Feature engineering for the beacon data is similar to that of the environmental sensing data. For each of the two beacons, we apply aggregation functions MIN and AVE to data within every time window.

The aggregated sensor data and beacon data are then integrated based on this consistent time window. Finally, training data is created by joining the time-series activity log data and integrated data based on the timestamp. Table 4 show a part of the real training data.
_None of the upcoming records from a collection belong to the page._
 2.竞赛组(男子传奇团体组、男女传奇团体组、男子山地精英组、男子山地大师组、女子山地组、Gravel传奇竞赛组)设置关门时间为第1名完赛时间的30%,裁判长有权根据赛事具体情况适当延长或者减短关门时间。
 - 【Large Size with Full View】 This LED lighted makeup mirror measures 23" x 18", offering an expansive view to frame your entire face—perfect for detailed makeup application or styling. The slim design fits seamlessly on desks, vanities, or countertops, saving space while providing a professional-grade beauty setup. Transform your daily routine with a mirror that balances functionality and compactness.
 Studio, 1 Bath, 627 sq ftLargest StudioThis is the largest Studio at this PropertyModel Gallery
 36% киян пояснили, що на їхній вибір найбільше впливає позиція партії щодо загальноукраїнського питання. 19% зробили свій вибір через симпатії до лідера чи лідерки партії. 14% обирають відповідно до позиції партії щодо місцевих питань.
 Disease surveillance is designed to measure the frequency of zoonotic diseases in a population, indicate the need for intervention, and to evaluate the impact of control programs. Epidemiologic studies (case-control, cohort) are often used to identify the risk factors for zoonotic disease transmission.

In the table, b2 and b3 represent two beacons placed in the living room and the kitchen, respectively. The ’bi.ave’ or ’bi.min’ respectively represents the average or the minimum of RSSI value of beacon bi.

Table 4 Training data for additional experiment

From the data in Table 4, we can estimate approximately which room the resident was in. The first three rows where the values of b2 is larger indicate that the resident was in the living room. This is consistent with the fact that he was sleeping (activity No. 5). The last two rows where the values of b3 is larger indicate that the resident was in the kitchen. It is also consistent with the fact that he was taking bath (activity No. 4). Thus, the training data was integrated with the location information.
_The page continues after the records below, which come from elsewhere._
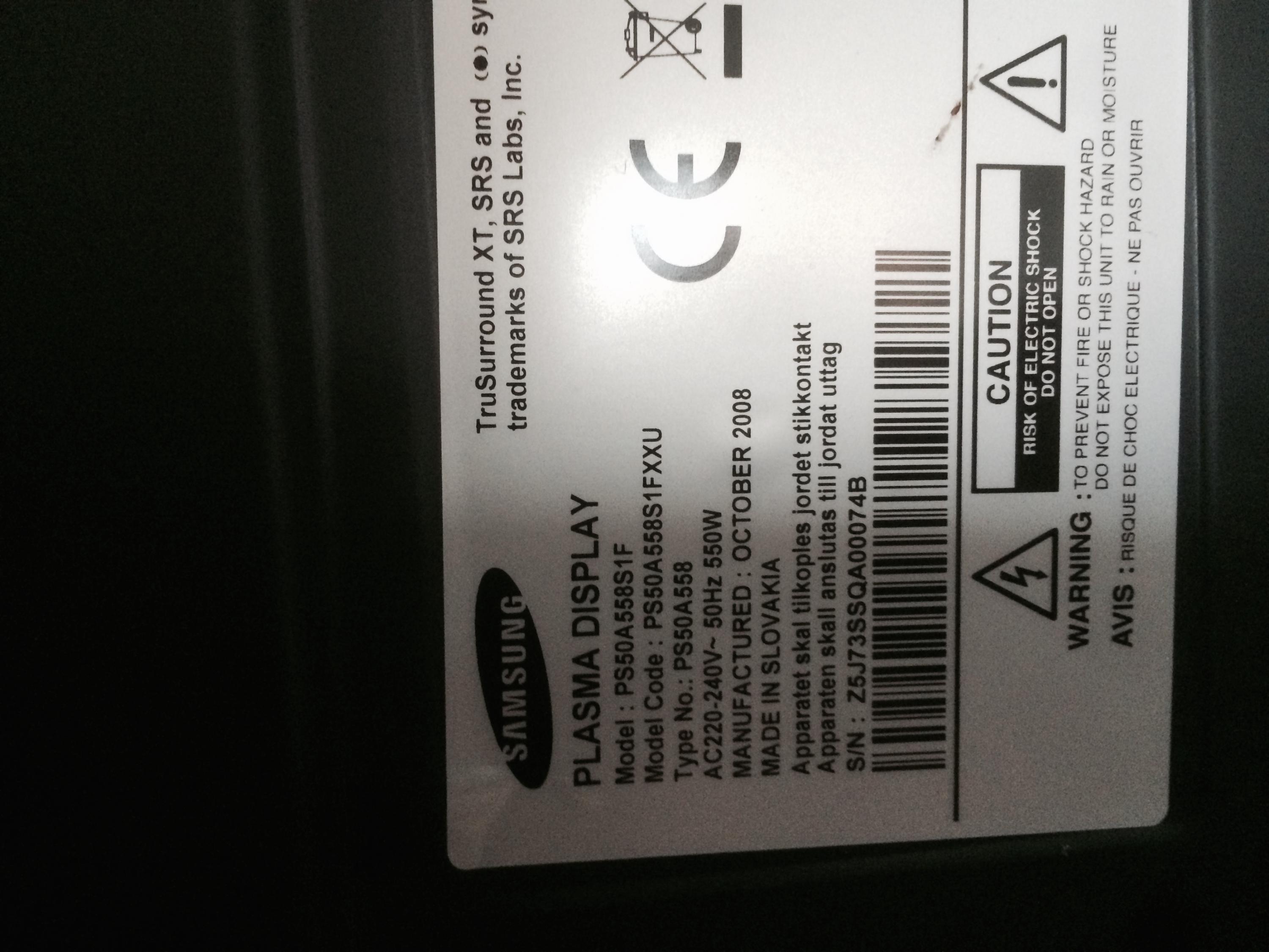 Re: samsung PS50A558S1F 50" plasma clicking and no picture
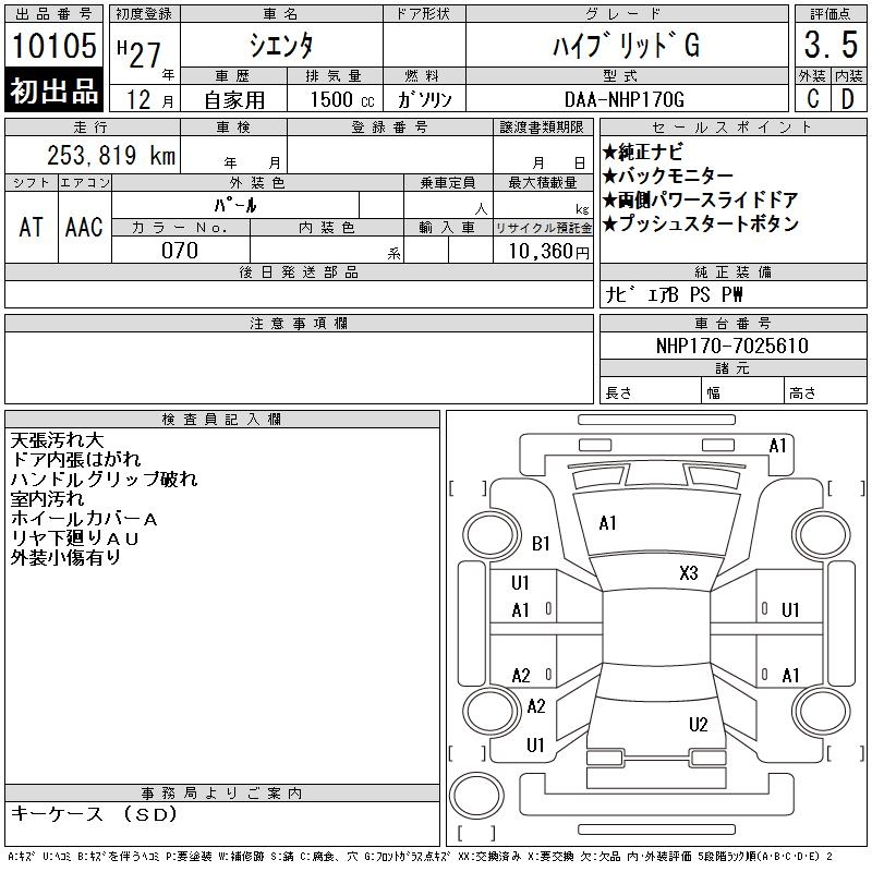 TOYOTA SIENTA - лот 10105
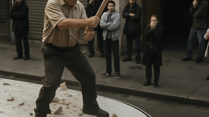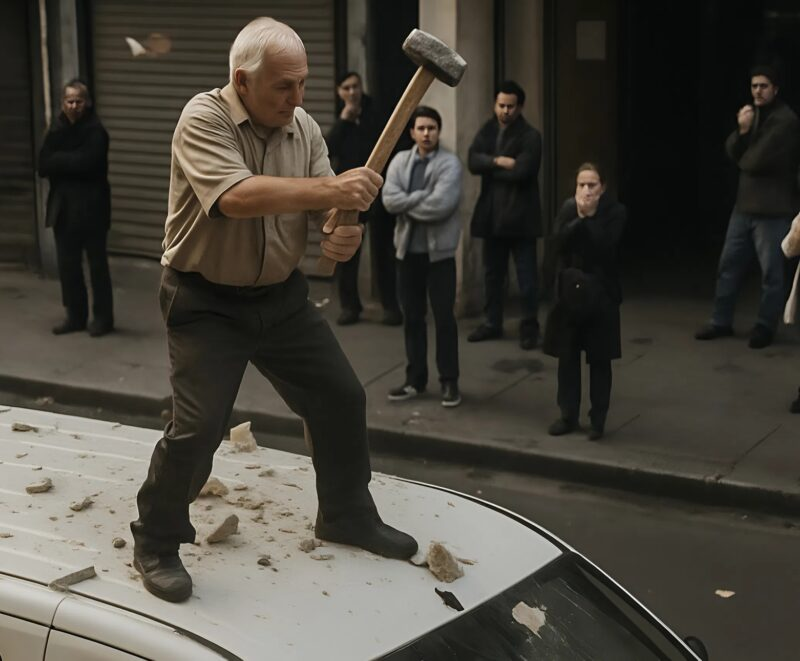 Dans une rue étroite du vieux quartier, un bruit sec et sourd retentit soudain, comme si quelqu’un avait frappé une épaisse plaque de métal avec une force incroyable. Les passants sursautèrent et se retournèrent. La source du bruit était évidente : sur le toit d’une camionnette blanche se tenait un homme âgé aux cheveux gris, tenant un lourd marteau de chantier à deux mains.
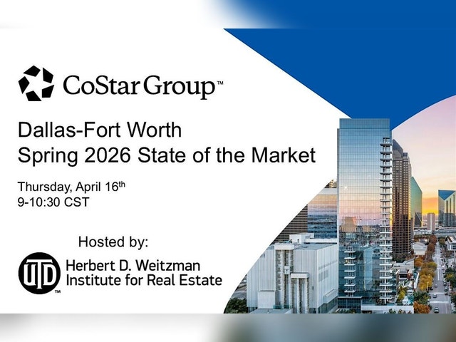 [EVENT SOLD OUT - PLEASE JOIN THE WAITLIST FOR ANY POTENTIAL OPENINGS] JOIN US FOR THE DALLAS-FORT WORTH MARKET SPRING STATE OF THE MARKET! Get the latest scoop on Dallas-Fort Worth market trends and forecasts at UT Dallas! You’re invited to join us for an exclusive session reviewing the Dallas-Fort Worth commercial real estate market performance in 2025 and sharing our outlook for 2026. We’ll cover key themes across: * Office * Industrial * Retail * Multifamily Space is limited, so RSVP soon! Looking forward to you joining us! Special thanks to the Herbert D. Weitzman Institute for Real Estate at UT Dallas for hosting us!

Using the integrated training data we constructed a prediction model. As for the feature engineering of the environmental data, we took the same parameters as those of the previous experiment.

3.7.2 Result

Figure 13 shows the confusion matrix. Compared with the previous result in Fig. 12, the accuracy is significantly improved. Thanking to the location information, Sleep and Absence were clearly distinguished. Cook was no more identified as Eat. Clean was improved but yet unsatisfactory. PC work and Eat were still confused, since these activities were performed in the same place. Thus, the location information did not contribute at all.

Fig. 13
A confusion matrix of order 7 cross 7. It compares the actual versus predicted values of cook, P C work, clean, bath, sleep, eat, and absence. The diagonal elements read 92.7%, 66.0%, 30.8%, 80.8%, 100.0%, 21.2%, and 98.9% and are shaded in color gradients.

Confusion matrix for proposed system using integrated data

Table 5 compares the results of the two experiments. We can see that using the beacon data together with the environmental sensor data significantly improve the performance of the activity recognition.
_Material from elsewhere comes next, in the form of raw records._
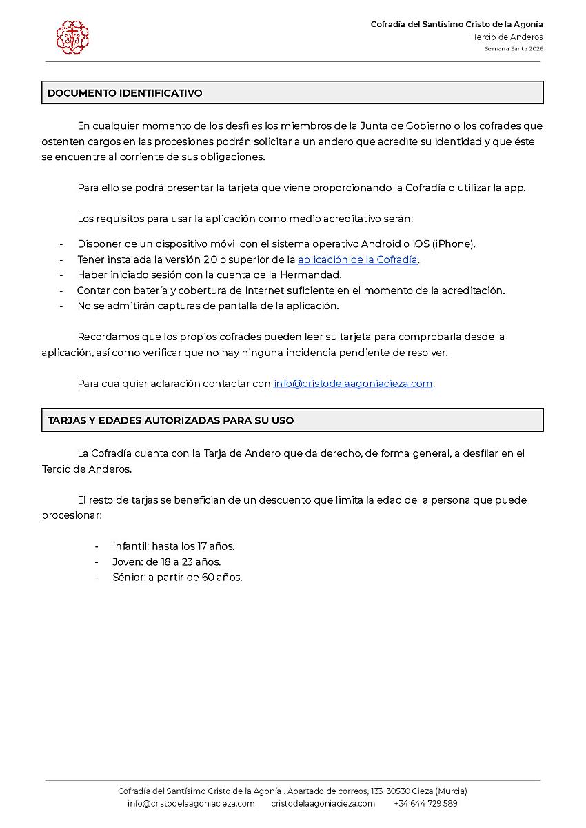 Documentación relativa a la Semana Santa de 2026 para los cofrades del Tercio de Anderos
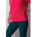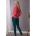 Хлопковый женский комплект LNS 708 от европейского производителя KEY. Изделие приталенного кроя. Узорные брюки слегка укорочены, на резинке и с карманами с отрезным бочком. Кофта с принтом.
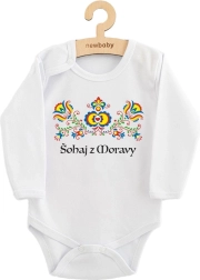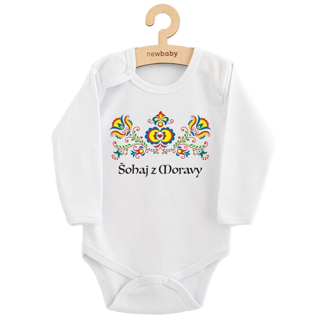 Štýlové detské body s dlhým rukávom a folklórnym motívom „Šohaj z Moravy“ od značky New Baby spája tradíciu a moderný dizajn. Vyrobené zo 100 % bavlny pre jemnosť a priedušnosť, so snadným zapínaním na patentky na ramienku a medzi nožičkami. Certifikované farby vhodné pre bábätká a materiál s OEKO-TEX Standard 100 pre bezpečie aj pohodlie každý deň.

Table 5 Overall comparison of experimental results

The proposed system enables the automatic activity recognition from non-intrusive sensing, which is promising for the future in-home care. A major drawback is that it requires the activity labeling to the sensor data, which is so tedious that most people may not accept it. How to improve the acceptance of the system is left for our future work.

4 Monitoring Elderly Mind by Agents

4.1 Understanding Internal States

As seen in the previous sections, the environmental sensing achieves automatic and non-intrusive monitoring of physical living environment of elderly people. On the other hand, monitoring with sensors has a limitation that the system can detect only externally observable events. For example, suppose an elderly person sitting in his living room and is concerned about his back pain. Then, the sensors can detect that he is in the living room, but not that his back pain.

When we discussed the activity recognition system with a research collaborator, who was a professional speech therapist specializing in dementia care, he said: “Understanding elderly people by sensors is technologically interesting. However, why you don’t ask the person directly how he/she is? Elderly people do not want machines to guess their activities. They are happy that you care about them!”. His statement shocked us to realize that we needed a new method that was different from the conventional sensing technology.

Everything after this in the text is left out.